Officials for both ports told the subcommittee that because of greater-than-anticipated investment from both the private and public sectors, “clean trucks” now move more than 85% of cargo containers passing through the ports.
As a result, officials said, they are years ahead of their diesel emissions reduction goals.
However, Rep. James Oberstar (D-Minn.), chairman of the House Transportation Committee, expressed concerns over whether motor carriers that hire independent drivers actually are paying for the cleaner new trucks — or requiring some of those drivers to foot the bill.
“Independent drivers have entered into lease agreements with motor carriers to be able to operate these new trucks, the terms of which require drivers to pay the full cost of these new trucks without having ownership over the truck,” Oberstar said.

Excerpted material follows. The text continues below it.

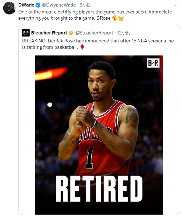 热火名宿韦德转发罗斯退役报道,并写道:这项运动史上最令人振奋的球员之一,感谢你为这项运动做出的一切。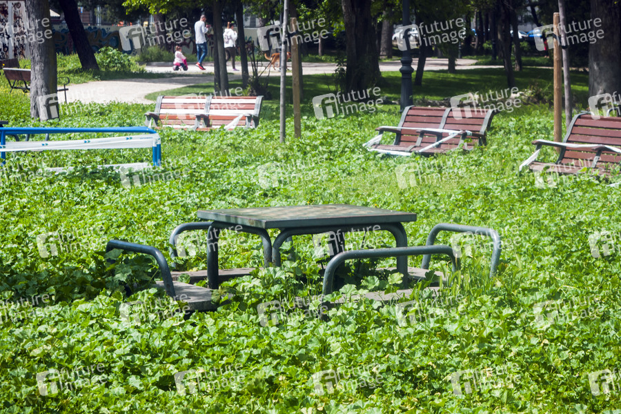 Verwilderte Parkanlage im Zentrum Madrids am 47. Tag seit Verhängung des Ausnahmezustands durch die spanische Regierung wegen der Coronakrise. Madrid, 30.04.2020

“It is not clear whether any of the public subsidies or higher rates paid by shippers are being passed through to drivers by carriers,” Oberstar said. “One of the issues the committee will explore is who has ultimately paid for the new clean trucks deployed at the ports.”
Currently, the Port of Los Angeles’ plan is being challenged in court by American Trucking Associations because it would ban owner-operators from performing drayage.
“The clean trucks programs at the ports of Los Angeles and Long Beach have accomplished impressive results without concession requirements, reducing truck pollution by 80% almost three years ahead of schedule,” Robert Digges, ATA vice president and chief counsel, told the subcommittee. He added that more than 6,500 clean trucks “now serve the ports, and most of the new fleets were financed with private — not public or port — funding.”
However, as the plan is undergoing a constitutional challenge in federal court, a letter signed by 79 members of Congress calls for a legislative change in the Federal Aviation Administration Authorization Act of 1994, which currently restricts the ability of state and local entities to regulate trucking companies.
The members said that ports should be given more control over enforcing their environmental and safety requirements.
Jose Covarrubias, a port truck driver, told the committee that he “had no choice but to lease a new truck” to get hired by one of the motor carriers.
He said he could not afford to buy a new clean truck on his own.
The lease required him to pay every week $415 for the lease, $226 for registration, $118 for insurance, $142 in other fees and taxes and $20 to park the company’s truck in the company’s yard, a requirement.
“Why did I and thousands of other port truck drivers do this?” Covarrubias asked.
One reason, Covarrubias explained, was that he was “desperate and needed the money.”
But even with the new truck, the port truck driver said, he was working 50 to 60 hours a week and brought home as little as $96.12 one week.
“After getting a check where I owed the company money, I decided I had no choice but to stop leasing the truck,” Covarrubias said. “Because I was never recognized as an employee, I wasn’t even able to apply for unemployment.”
However, Fredrick Johring, owner of Golden State Express, Rancho Dominguez, Calif., said the program gave some independent owner-operators the chance to buy low-emission trucks through the lease-to-purchase agreements with carriers with little or no money down even in a struggling economy.
“Owner-operators are building equity in their trucks month by month and at the end of their purchase agreements, usually five or six years, they will own their trucks,” Johring said.
But Fred Potter, vice president and port division director for the Teamster union, called the lease arrangement a “scam.”
“Rather than invest in equipment themselves, the industry makes leasing or owning a truck a condition of employment, thereby shifting the burden of capital investment to individual workers,” Potter told the subcommittee. “This system is wrong.”